Dec 7 2007

With the changing of the weather there have been changes in attitudes at my bird feeder. Over the summer, one by one, my cheap small feeders fell victim to a band of raccoons. Come to think of it, this whole thing was my fault.

The drought this summer brought changes in habit to our local raccoon population. In June I would find the pool's skimmer cover removed and all the night's catch of bugs missing. The muddy paw prints on both the skimmer cover and the ladder in the pool were pretty clear clues as to who was visiting. To prevent a drowning (and the subsequent messy clean up) I started putting a big pan of water (similar to a bird bath without a stand ) out back for the critters. Apparently, raccoons like birds, prefer moving water because they ignored the pan and moved out front to the decorative urn / water fountain. That is when the trouble started.

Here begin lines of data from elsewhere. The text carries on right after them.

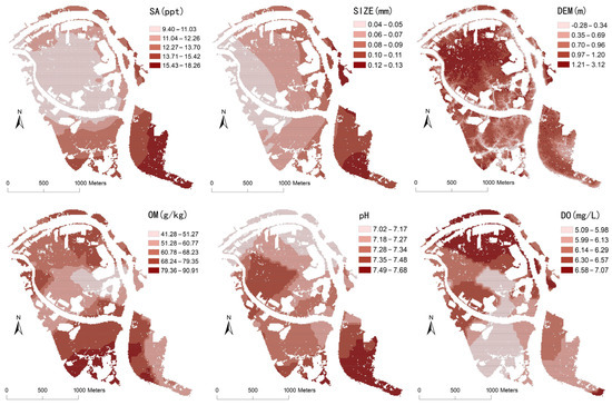 - Soil and water environment data. Soil factors included organic matter, total nitrogen, total phosphorus, total potassium, and particle size, while water environment factors included pH, salinity, and dissolved oxygen. Field sampling of 67 soil sites and 79 water sites was completed in the Bamwan Area from 2021 to 2022 (Figure 1). The pH, salinity, and dissolved oxygen of water were determined on-site, and the soil organic matter, total nitrogen, total phosphorus, total potassium, and particle size were measured using the potassium dichromate volumetric method, Kjeldahl method, alkali melt-molybdenum-antimony resistance spectrophotometry, atomic absorption spectrophotometry, and laser particle size analyzer, respectively.
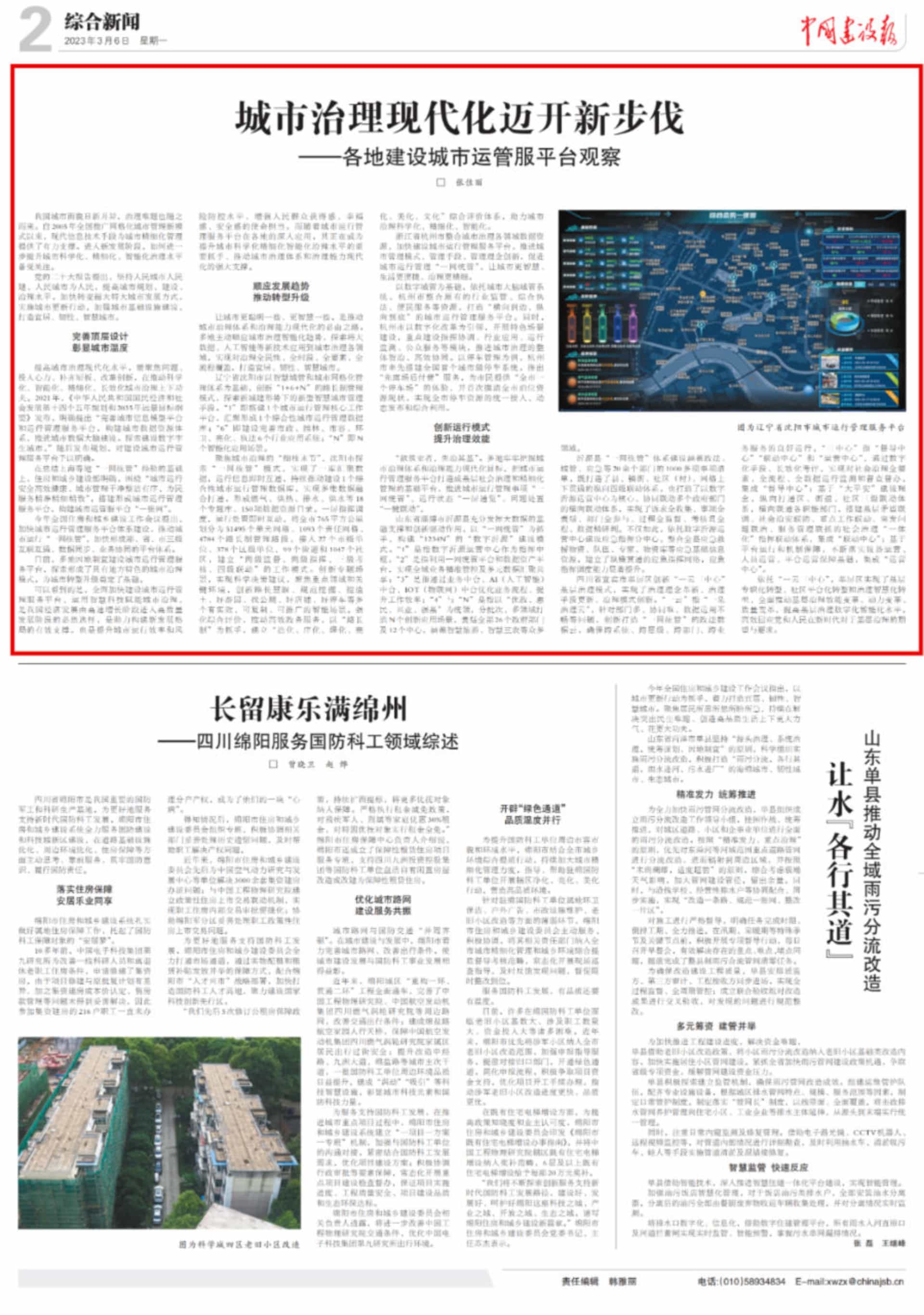 3月6日,中國建設報刊載文章《城市治理現代化邁開新步伐——各地建設城市運管服平臺觀察》,介紹了沈陽、杭州、...
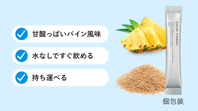 続けていただくために、飲みやすさを追求。リポソーム独特の風味を払拭し、甘酸っぱいパイン風味に仕上げました。

These crafty fellows began a month long campaign to get the bird feeders out of the tree. No easy task as it took me two years to squirrel proof them. The raccoon's early attempts to remove the feeders were worth the price of the ticket. The fat one climbed the tree, wobbled out on the skinny branch and tried to figure out how to undo the bungie cord that held the feeder. His wobbles moved the branch enough that the feeder on the end of that ten foot bungie cord started spinning like a pinata, spilling seed and nuts to the ground crew. I swear, you could hear the coons on the ground laughing and the one in the tree cursing.

Over the next few weeks the big guy got the routine down and he would climb the tree, scale the branch and unhook the bungie cords to drop the feeders to the crowds waiting below. And one by one my cheapie feeders would be dragged off into the woods never to be seen again.

I recently found a nice cedar feeder that holds a suet cake on one end, fancy nuts on the other and cheap seed in the middle. Now the birds have to all eat together and that is causing a bit of a problem.

The tits and chickadees are carry-out sort of folks. They swoop in, grab and go. The gold finches prefer to dine in and they remind me of a Walton family dinner as they fill in every available seat at the table which leaves no room for non family members.

The red-breasted and white-breasted nuthatch and the downy woodpecker dine in and the only one who can cause them to give up their seats at the table is the big red bellied woodpecker. That big guy vacuums up the sunflower hearts like no one else can but he does it gently enough that while he feeds the tits and chickadees continue to fly in and out around him.

It must be because the birds are not breeding at this time of year for the BlueJays and the mockingbird just sort of come and watch the action without feeling the need to cause a riot like they do in the spring.

At this moment there is a jay out there making the whole feeder shake and spill seed- much to the delight of the dozen doves and one lone towhee. Also benefiting from the shaking are the male cardinal's harem. This one male has five females with him all the time. However, the visit by the Jays has the big red belly waiting on the tree for an all clear sign.

Who is at your feeder today?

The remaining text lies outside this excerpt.